The brain remembers better when it’s relaxed, say researchers at the California Institute of Technology, so take a few minutes each day to breathe deeply or meditate. "The positive of meditation is you have focused concentration and relaxation taking place at the same time," says Elizabeth Edgerly, PhD, spokesperson for the Alzheimer's Association. "Researchers believe those things are good because they're developing new connections for your brain cells."


2. Focus on the Future

People who regularly made plans and looked forward to upcoming events had a 50 percent reduced risk of Alzheimer’s disease, according to a recent study. But don’t worry if your calendar isn’t overflowing with life-changing events. Something as simple as setting a goal to have a weekly coffee date with a friend (and keeping it) will do. "Psychologically it keeps us motivated," Dr. Edgerly says. "There's evidence that people who have a purpose in life or who are working on long-or short-term goals appear to do better." In other words, keep your brain looking forward.


3. Go for a Walk

Mildly elevated glucose levels (even if you don’t have diabetes) can harm the area of the brain that helps you form memories, say Columbia University researchers. Experts agree that physical activity can help get blood glucose down to normal levels. In fact, the strongest evidence is regarding the effect of physical activity on the brain. Dr. Edgerly says, "When you exercise, you release chemicals that are good for your brain. It's like a mini fountain of youth in your brain, and the only way you can get it is exercise." In other words, when you take care of your heart, you take care of your brain.


4. Snack on Berries

Blueberries have compounds called anthocyanins that help communication between brain cells and appear to improve memory, says Robert Krikorian, PhD, professor of psychiatry and behavioral neuroscience at the University of Cincinnati.
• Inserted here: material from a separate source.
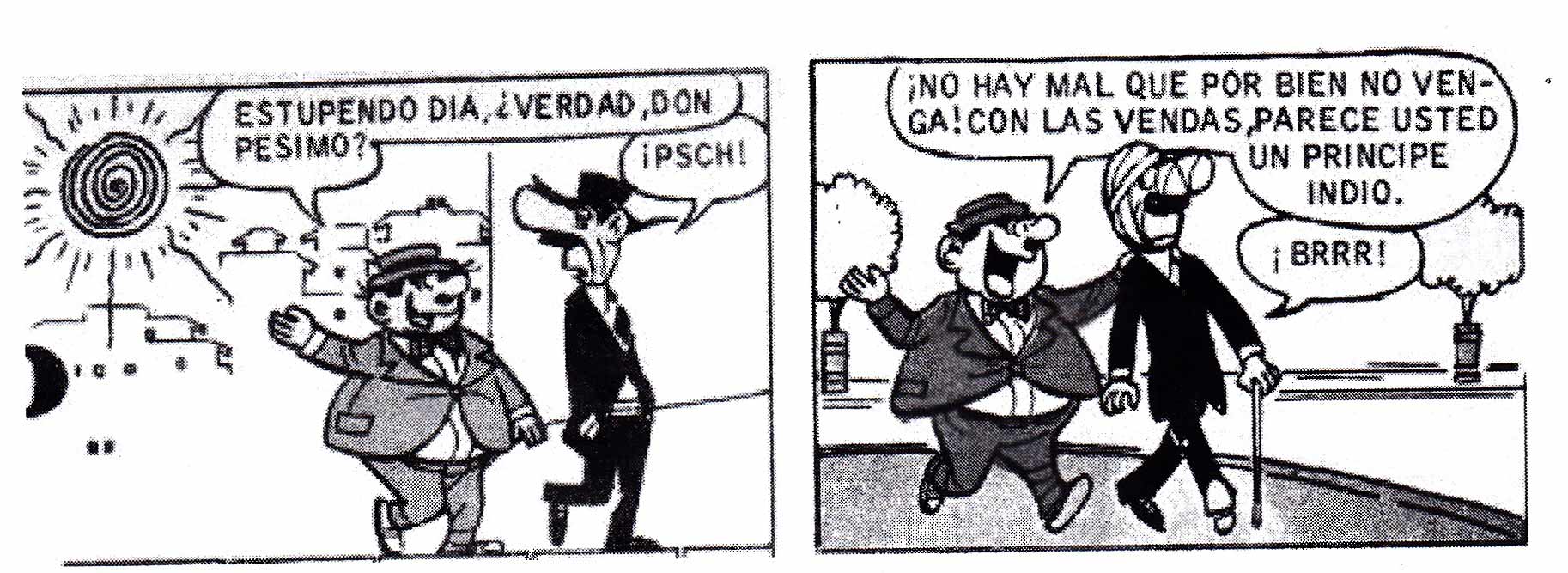 DEL T.B.O. Josep Escobar inventó, en los años 60 del pasado siglo, dos personajes de TBO: don Óptimo y don Pésimo. El primero era bajo de estatura, regordete, llevaba bigote y siempre estaba de buen humor. Don Pésimo, en cambio, era alto, espigado, siempre vestía de negro y estaba de perpetuo mal humor. Efectivamente, estos dos personajes no tuvieron mucha duración entre viñetas, a pesar de parecernos dos arquetipos como Don Quijote o Sancho Panza, o como el Gordo y el Flaco, los cuales perduran para siempre en nuestro imaginario. Transcurridos los años en que Pésimo y Óptimo desaparecieron de la escena, el estado actual de las cosas nos hace pensar que el segundo le ha ganado la batalla al primero. Si bien existe un campo en el cual Pésimo, contra todo pronóstico, se ha impuesto por completo a su compañero, el de nuestra percepción del mundo en el que vivimos. Se respira la sensación que todo va mal, pero lo curioso del caso es que pensamos que es don Óptimo quién tiene la razón en este asunto. Si lo analizamos, está claro que el mundo va mejorando en todos los aspectos, hay menos desigualdad, menos pobreza, menos violencia, menos analfabetismo, menos enfermedades mortales y un crecimiento educacional, esperanza de vida y libertades políticas. Sin embargo, muy pocos de nosotros, estaríamos dispuestos a aceptar que así es. ¿Verdad?

In general, Dr. Edgerly says the darker the fruit or vegetable, the better. She adds, "It's a healthy, well-rounded diet, especially one that mimics a Mediterranean diet, and that's fish, lots of fruits and vegetables, and red wine, everyone likes the red wine part."


5. Learn Something New

Take a Spanish class online, join a knitting club, or learn to play poker. A UC Irvine study found that mental stimulation limits the debilitating effects of aging on memory and the mind. But the best thing for your brain, Dr. Edgerly insists, is when you combine learning something new with physical activity. "It should be something like dancing, or coaching a sport. Or go learn golf with your girlfriends. That sort of thing is even better for your brain than, say, a crossword puzzle.”